Among the Living

ELEVEN
When Jimmy stepped out of the farmers’ and ranchers’ private dining room in the middle of their made-over desert and looked up at the rich blue of the empty sky, for some reason he remembered something he’d heard a NASA scientist say once on a television program, that space wasn’t all that far away, that if you could drive there in a car, you’d be there in an hour. And he remembered something else from the program, that way way out, a few billion miles past that first edge of space, sometimes they would identify a body by the negative evidence, know something was there because everything pointed away from it, because there was a too clear expanse of nothing.
What Harry Turner had said—and what he hadn’t—had turned Jimmy’s mind. Turner had stated outright that Jack Kantke had killed his wife and Bill Danko, then driven hard and fast out of L.A. to cobble together an alibi. What Turner had said, had confessed on behalf of his client, was meant to convey the same message to Jimmy as the trip to the roof of the Roosevelt Hotel with the Sailors. Nothing to see here, move right along. . . . Harry Turner had read Jimmy Miles as wrong as the tall bony redheaded Sailor and whoever had sent him. What was meant to drive him away only drew him in closer.

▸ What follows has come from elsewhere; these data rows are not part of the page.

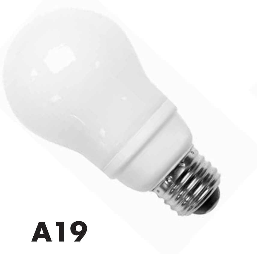
Direct replacement for incandescent, offering energy savings, high color rendering and long life. UL listed for wet locations. Suitable for indoor and outdoor use.
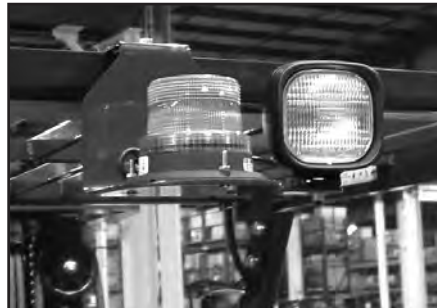
Rear work light, or rear strobe light, for enhanced awareness.
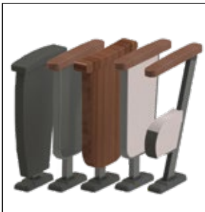
A wide range of options (wooden, upholstered or, laminated) for end panels helps to grow up the set aesthetics.
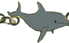
PP 2729 19
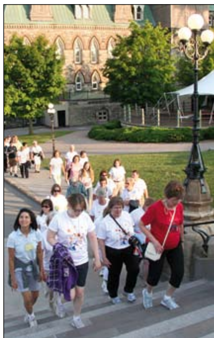
Mission walk route included Parliament Hill.

For the first time the convention was webcast live. Links to videos of the worship service and speakers on the LWMLC website. ( www.lutheranwomen.ca/videos.htm ).
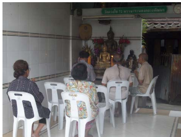
Fig. 6 Community of Committee Participation Meeting

Most people in the community are Buddhist and there is local temple called "Wat Duangjai 72 Pansa" that lacks a monk to perform religious functions and, as a result, if the members of the community want a small religious function, they need to invite a monk to perform activities. However, if it is a large religious function or particularly important day in the Buddhist calendar, they will make a trip to the nearby temple. [4]
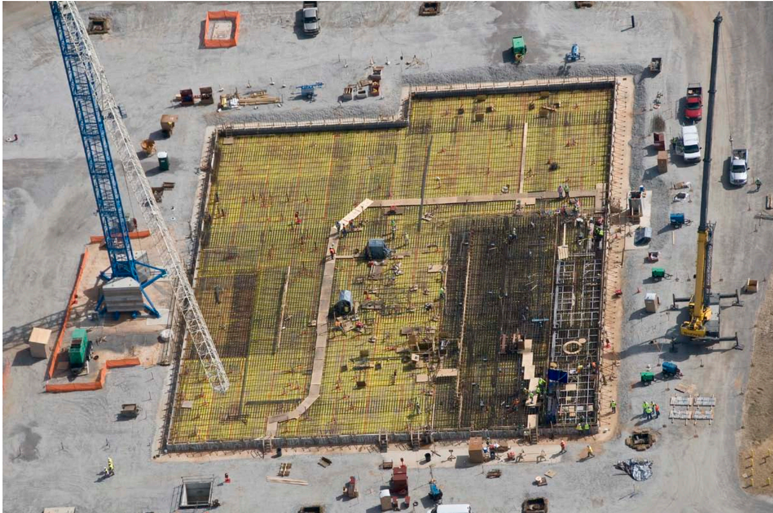
WSB, March 2010
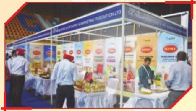
GOVERNMENT OF PUNJAB
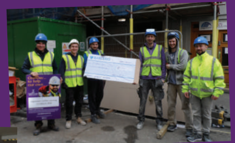
Edgewater Contracts Coffee Morning

Maybe it was just the look in Harry Turner’s eye.
Whatever it was, Jimmy now guessed, just for himself, that Jack Kantke hadn’t killed his wife and her lover. He didn’t know who did, didn’t know why, but, just for himself, he was all but sure it had been somebody else standing with the gun behind the wisp of a curtain in the white front bedroom in the Rivo Alto house and that they’d gassed the wrong man.
If you still believed in the notion of right and wrong men.
022
California 74 was a winding, climbing two-lane road highlighted in the AAA tourist guides as something special, the Palms to Pines Highway, slithering its way up off the desert floor into the San Bernardino Mountains, toward Mount San Jacinto, “from a desert oasis to snow capped mountains.” And, though it was June, almost July and the valley behind him was baking, there would be snow on the sides of the road when he got to the higher elevations, up to the top, into the evergreens, eight thousand feet.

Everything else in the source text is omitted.